This notebook should include preliminary and baseline modeling.
- Try as many different models as possible.
- Don't worry about hyperparameter tuning or cross validation here.
- Ideas include:
    - linear regression
    - support vector machines
    - random forest
    - xgboost

In [1]:
from sklearn.linear_model import Ridge
from sklearn.svm import SVR
from sklearn.ensemble import RandomForestRegressor
from sklearn.ensemble import GradientBoostingRegressor
import pandas as pd
import numpy as np


In [2]:
X_train = pd.read_csv("../data/X_train.csv")
X_test = pd.read_csv("../data/X_test.csv")
y_train = np.array(pd.read_csv("../data/y_train.csv")).reshape(-1)
y_test = np.array(pd.read_csv("../data/y_test.csv")).reshape(-1)

ridge = Ridge().fit(X_train, y_train)
supp_vec = SVR().fit(X_train, y_train)
rf = RandomForestRegressor().fit(X_train, y_train)
grad = GradientBoostingRegressor().fit(X_train, y_train)

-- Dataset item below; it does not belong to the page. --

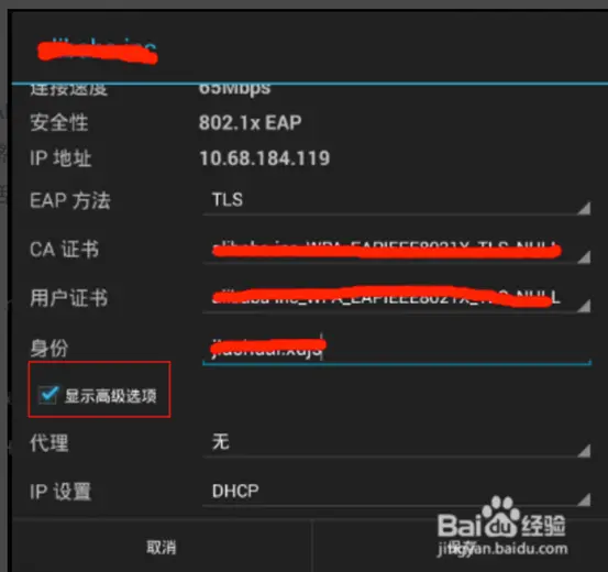 ->“WLAN”,找到你要連接的網(wǎng)絡(luò),在上面長按,然后選擇“修改網(wǎng)絡(luò)”,彈出網(wǎng)絡(luò)設(shè)置對話框,然后勾選“顯示高級選項”

Consider what metrics you want to use to evaluate success.
- If you think about mean squared error, can we actually relate to the amount of error?
- Try root mean squared error so that error is closer to the original units (dollars)
- What does RMSE do to outliers?
- Is mean absolute error a good metric for this problem?
- What about R^2? Adjusted R^2?
- Briefly describe your reasons for picking the metrics you use

In [3]:
from sklearn.metrics import mean_absolute_error, mean_squared_error, r2_score

In [4]:
y_test = np.exp(y_test)

In [5]:
ridge_pred = np.exp(ridge.predict(X_test))
supp_vec_pred = np.exp(supp_vec.predict(X_test))
rf_pred = np.exp(rf.predict(X_test))
grad_pred = np.exp(grad.predict(X_test))

In [6]:
metrics = {}

predictions = {'Ridge Regression': ridge_pred,
               'SVR': supp_vec_pred,
               'Random Forest': rf_pred,
               'Gradient Boosting': grad_pred}

n = len(y_test)

for model_name, y_pred in predictions.items():
    mse = mean_squared_error(y_test, y_pred)
    rmse = np.sqrt(mse)
    mae = mean_absolute_error(y_test, y_pred)
    r2 = r2_score(y_test, y_pred)
    p = X_test.shape[1]
    adj_r2 = 1 - (1 - r2) * (n - 1) / (n - p - 1)
    
    metrics[model_name] = {'MSE': mse,
                           'RMSE': rmse,
                           'MAE': mae,
                           'R-squared': r2,
                           'Adjusted R-squared': adj_r2}




In [9]:
metrics_df = pd.DataFrame(metrics).applymap(lambda x: "{:.2e}".format(x))
metrics_df


Unnamed: 0,Ridge Regression,SVR,Random Forest,Gradient Boosting
MSE,229000000000.0,104000000000.0,11100000000.0,36900000000.0
RMSE,479000.0,322000.0,105000.0,192000.0
MAE,128000.0,63800.0,14000.0,76600.0
R-squared,0.445,0.748,0.973,0.911
Adjusted R-squared,0.414,0.734,0.972,0.905


In [12]:
# Random forest wins on every metric and it isn't close
# Mean absolute error may be the best single metric here because it represents an actual cash error
# While being less skewed by outliers like RMSE